I will briefly work in all your objections and Watson's. I labour under a great difficulty from feeling sure that, with what very little systematic work I have done, small genera were more interesting and therefore more attracted my attention.

One of your remarks I do not see the bearing of under your point of view-- namely, that in monotypic genera "the variation and variability" are "much more frequently noticed" than in polytypic genera. I hardly like to ask, but this is the only one of your arguments of which I do not see the bearing; and I certainly should be very glad to know. I believe I am the slowest (perhaps the worst) thinker in England; and I now consequently fully admit the full hostility of Urticaceae, which I will give in my tables.

I will make no remarks on your objections, as I do hope you will read my MS., which will not cost you much trouble when fairly copied out.

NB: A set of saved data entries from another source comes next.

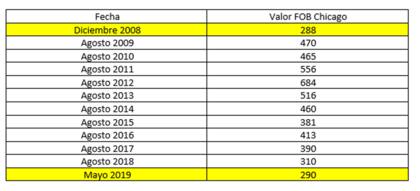 La confirmación de parte del Gobierno de EE.UU. de nuevas subas de aranceles el viernes pasado a productos provenientes de China hizo que el precio de la soja llegara a los valores más bajos de los últimos 11 años. Si observamos los precios Chicago, como se ve en el siguiente cuadro de los últimos años, fue en diciembre de 2008 donde el valor de la soja era muy parecido al actual.
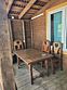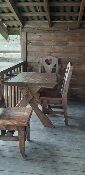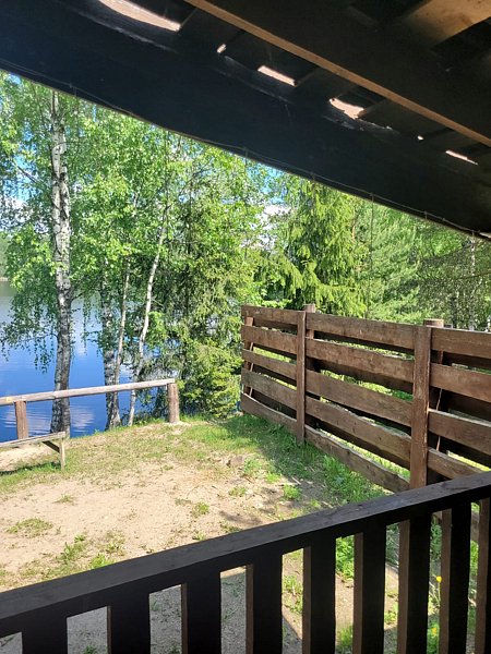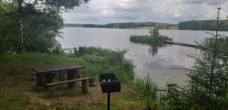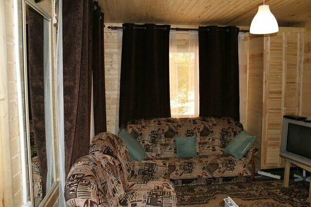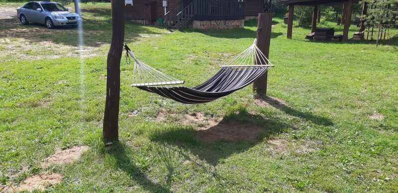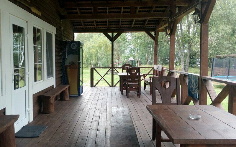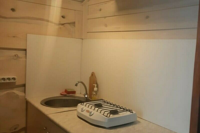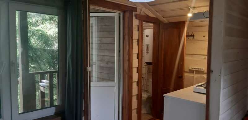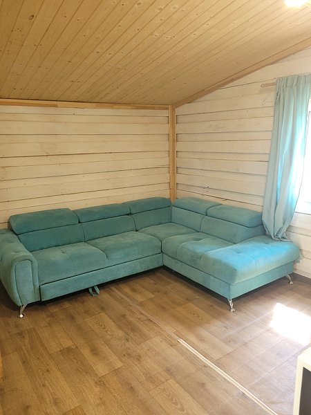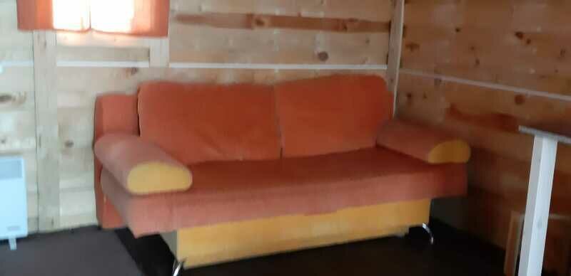 Дом студия с двуспальной кроватью и раскладным диваном. Есть кухонная зона с холодильником, микроволновкой и электрическим чайником.С/у в доме. Веранда с мангальной зоной.
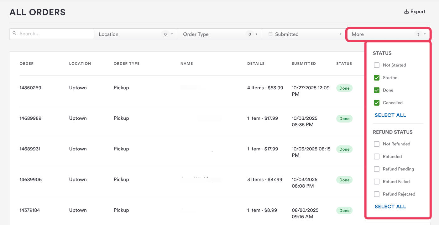If you want to filter to a specific location, date range, or fulfillment type, you can do that at the top of the page. You can also use the Order Status and Refund Status filters to locate all active and completed orders.
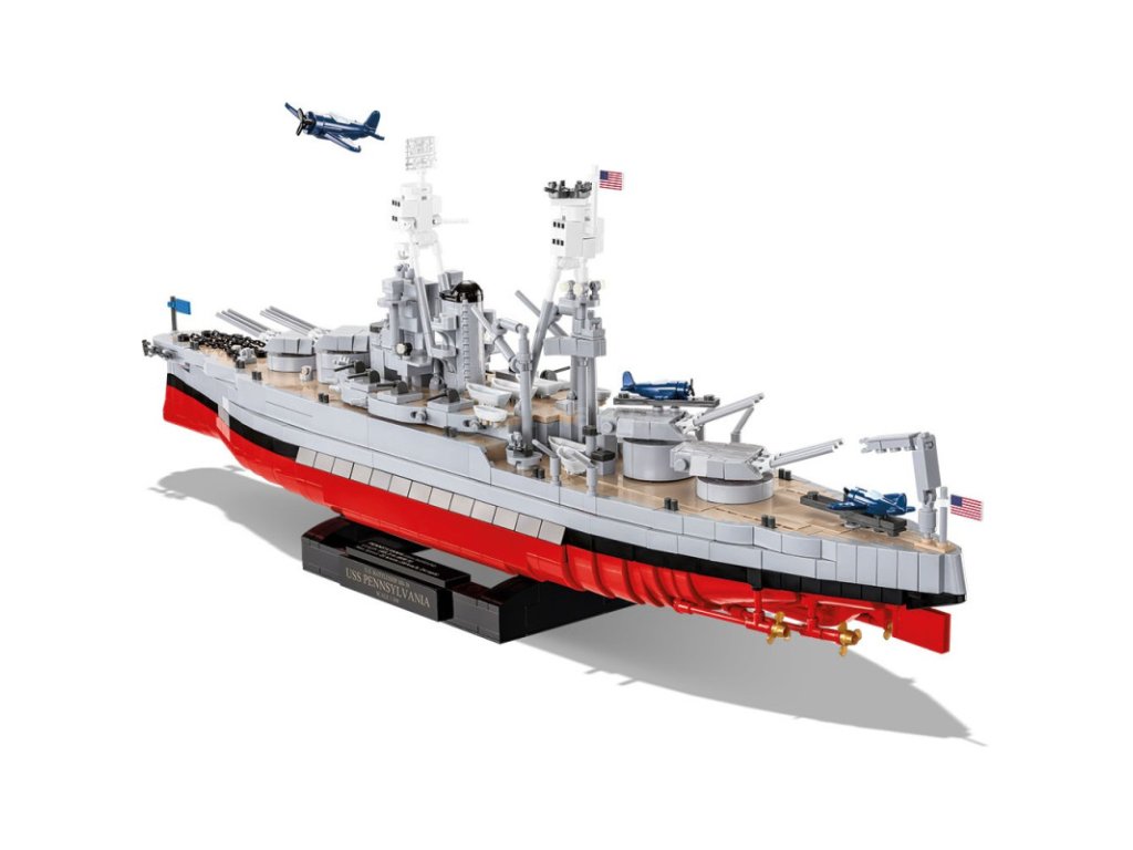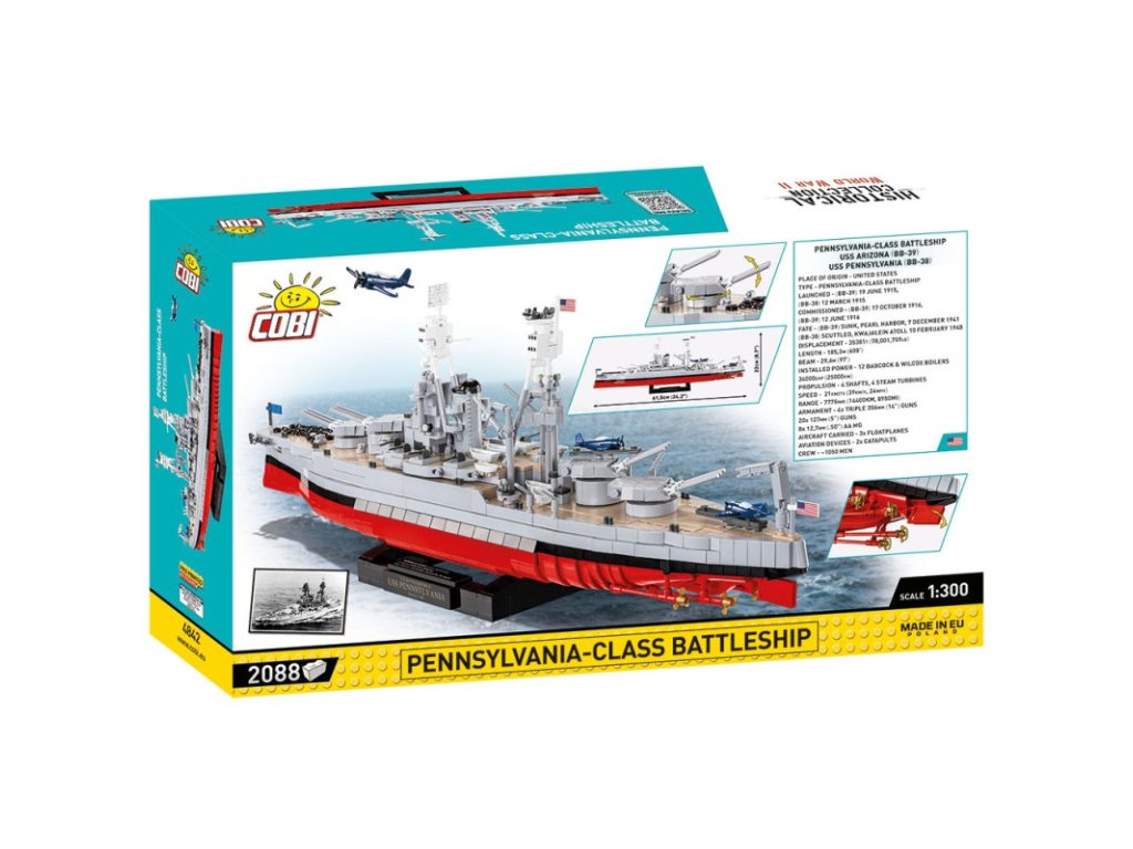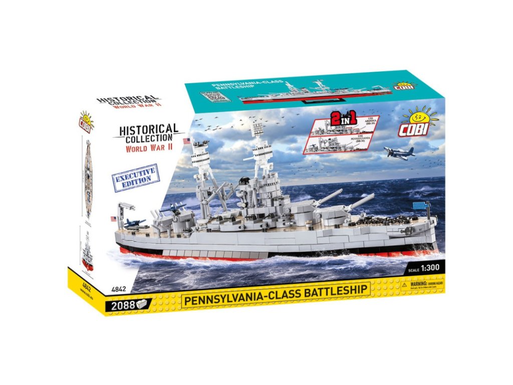 EXECUTIVE EDITION s loděmi třídy Pennsylvania nabízí dva způsoby, jak postavit historickou bitevní loď třídy Pennsylvania! S přiloženými extra kostkami se značkami a částmi vybavení si můžete vybrat, zda postavíte USS Pennsylvania nebo USS Arizona! Loď byla navržena v měřítku 1:300 a na délku měří celých 61,5 cm! Verze Executive obsahuje také cihlový stojan, na který můžete připevnit černé štítky s technickými údaji a názvem lodi. Balení obsahuje 2088 kostek.
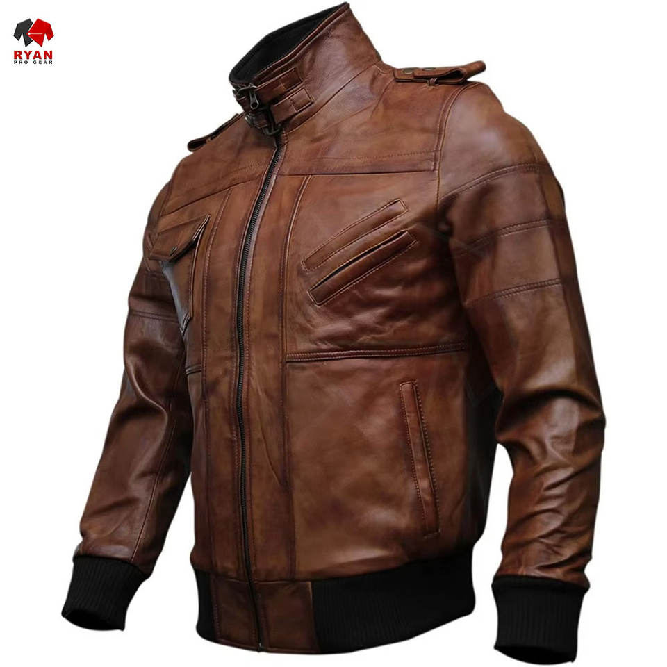 High Quality Men’s Leather Jacket Custom Logo Solid Colour Modern Design OEM ODM Wholesale
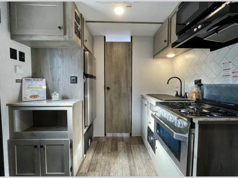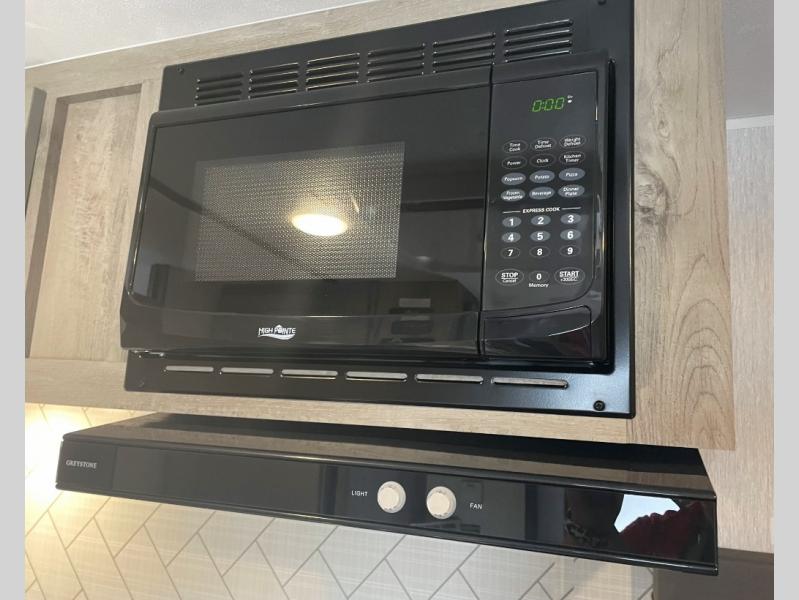 This compact travel trailer will be perfect for trips to the lake. Since there is a front Murphy bed, you won't have to sleep on an air mattress, and the convenient rear full bathroom lets you freshen up each day. Breakfast can be made on either the three burner cooktop, warmed up in the microwave oven, or even at the outside kitchen. When you're ready to wind down at night, you can grab a book and head to the sofa for a relaxing evening!
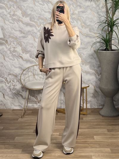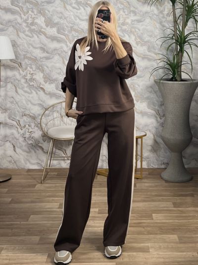 Ελαστικό viscose σετ με μπλούζα και παντελόνι, ONE SIZE. Καλύπτει 150cm στήθος, 110cm μέση και 140cm περιφέρεια.Η μπλούζα έχει κουκούλα και κορδόνι leopard. Το παντελόνι έχει διπλό λεοπάρ λάστιχο στη μέση και κορδόνι.
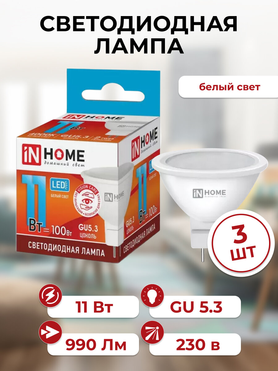 10 цен на Лампа светодиодная GU5.3, набор 3шт, нейтральный белый свет 4000К, 990 Лм / 11 Вт, 230 В, IN HOME LED-JCDR-VC
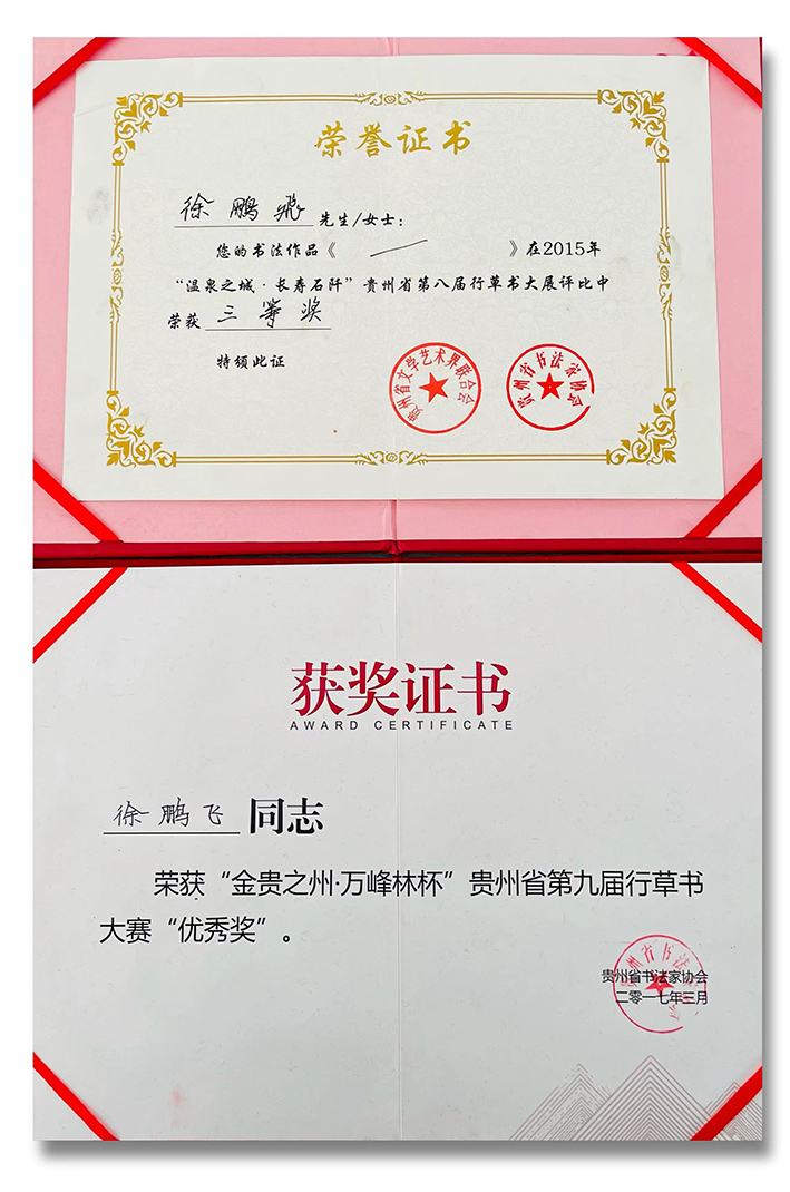 2021年中华书画名家评选大赛获:冠军金牌书画名家,作品曾被桂林市博物馆、贵州省美术馆、贵州省文史馆、贵州省图书馆等多家文博单位收藏。多篇学术文章发表于学术期刊。

From my own experience, I hardly believe that the most sagacious observers, without counting, could have predicted whether there were more or fewer recorded varieties in large or small genera; for I found, when actually making the list, that I could never strike a balance in my mind,--a good many varieties occurring together, in small or in large genera, always threw me off the balance...

P.S.--I have just thought that your remark about the much variation of monotypic genera was to show me that even in these, the smallest genera, there was much variability. If this be so, then do not answer; and I will so understand it.

LETTER 62. TO J.D. HOOKER. February 23rd [1858].

Will you think of some of the largest genera with which you are well acquainted, and then suppose 4/5 of the species utterly destroyed and unknown in the sections (as it were) as much as possible in the centre of such great genera. Then would the remaining 1/5 of the species, forming a few sections, be, according to the general practice of average good Botanists, ranked as distinct genera? Of course they would in that case be closely related genera. The question, in fact, is, are all the species in a gigantic genus kept together in that genus, because they are really so very closely similar as to be inseparable? or is it because no chasms or boundaries can be drawn separating the many species? The question might have been put for Orders.

LETTER 63. TO J.D. HOOKER. Down, February 9th [1858].

I should be very much obliged for your opinion on the enclosed. You may remember in the three first volumes tabulated, all orders went right except Labiatae. By the way, if by any extraordinary chance you have not thrown away the scrap of paper with former results, I wish you would return it, for I have lost my copy, and I shall have all the division to do again; but DO NOT hunt for it, for in any case I should have gone over the calculation again.

Now I have done the three other volumes. You will see that all species in the six volumes together go right, and likewise all orders in the three last volumes, except Verbenaceae. Is not Verbenaceae very closely allied to Labiatae? If so, one would think that it was not mere chance, this coincidence. The species in Labiatae and Verbenaceae together are between 1/5 and 1/6 of all the species (15,645), which I have now tabulated.

Now, bearing in mind the many local Floras which I have tabulated (belting the whole northern hemisphere), and considering that they (and authors of D.C. Prodromus) would probably take different degrees of care in recording varieties, and the genera would be divided on different principles by different men, etc., I am much surprised at the uniformity of the result, and I am satisfied that there must be truth in the rule that the small genera vary less than the large. What do you think? Hypothetically I can conjecture how the Labiatae might fail--namely, if some small divisions of the Order were now coming into importance in the world and varying much and making species. This makes me want to know whether you could divide the Labiatae into a few great natural divisions, and then I would tabulate them separately as sub-orders.